Over the past four years, EQC has steadily increased its reinsurance purchases in response to the growing number of natural hazards affecting New Zealand.

Reinsurance, or insurance for insurers, transfers risk to another company to reduce the likelihood of large payouts for a claim.

Established under the Earthquake Commission Act 1993, EQC is a Crown entity that provides insurance to residential property owners and invests in natural disaster research and education.

 In 2019 and 2020, EQC secured $6.2 billion in reinsurance. This figure rose to nearly $7 billion in 2021 and $7.2 billion in 2022.

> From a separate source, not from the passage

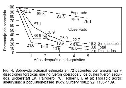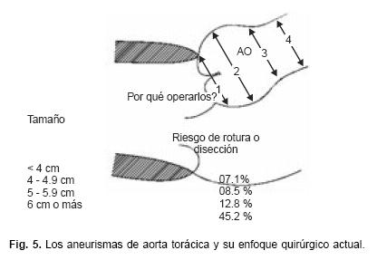Las razones de porqué a los pacientes que cursan con una enfermedad aneurismática de la aorta deben de ser tratados, son porque en los últimos años se han hecho varios estudios para analizar la incidencia de morbimortalidad de estos enfermos comparados con los que no presentan dilatación aórtica; y se ha encontrado que los pacientes que tienen aneurismas grandes de la aorta tienen un riesgo de 74% de ruptura en los siguientes 5 años después del diagnóstico; de los cuales el 94% de los pts que se rompieron murieron13 (Fig. 4), por lo que una vez establecido el diagnóstico, el paciente tiene que ser manejado lo antes posible antes de que se presenten alguna de las dos complicaciones más graves. Por otro lado, el tamaño de la aorta también es un factor muy importante en el riesgo de ruptura; se ha encontrado que una aorta torácica que mide entre 5 a 5.9 cm tiene 40% más riesgo de ruptura que aquel paciente en donde su aorta mide menos de 5 cm; aun así y más importante es que las aortas que miden más de 6 cm tienen un riesgo de ruptura y/o disección de 45% por año. Por lo que en la actualidad se ha llegado al consenso que en pts en los que su aorta mide más de 5 cm se debe considerar la posibilidad de un tratamiento más agresivo, que sólo el tratamiento médico, y aquellos que tienen por arriba de 6 cm deben de ser tratados lo antes posible14 (Fig. 5).

Last year in 2023, EQC announced it had secured $8.2 billion in reinsurance cover, with its reinsurance portfolio now also including $225 million in catastrophe bonds

For the 2024 financial year, EQC announced on Wednesday that it has secured $9.2 billion in reinsurance.

Chief Executive Tina Mitchell told the $9.2 billion secured was at the “upper end” of the range of the reinsurance capacity sought.

She said the “continued growth” of EQC’s reinsurance programme demonstrates the confidence the international reinsurance market has in EQC’s national insurance scheme.

“Once again, we have been really well supported by our reinsurance partners, with many substantially increasing the amount of capital they have committed to the programme.”

The increased reinsurance interest included existing partners offering more as well as offers from new and returning markets.

When asked what reasons new reinsurers were giving for wanting to support EQC’s reinsurance scheme, Mitchell noted there was a “range”.

“One reason often cited is that New Zealand provides a diversifying risk for a number of reinsurers and helps to balance a global book of risk,” she said.

Mitchell added it was “heartening” to see new, well-rated reinsurers have the confidence to put capital at risk after reviewing EQC's information and loss models.

“The increased capacity demonstrates the ongoing confidence that our reinsurance partners have in the EQC Scheme, which includes our ongoing commitment to research, resilience and risk reduction.”

Vote of confidence

Mitchell said EQC saw the reinsurance interest as a “huge vote of confidence” in NZ and EQC’s approach to natural hazard risks.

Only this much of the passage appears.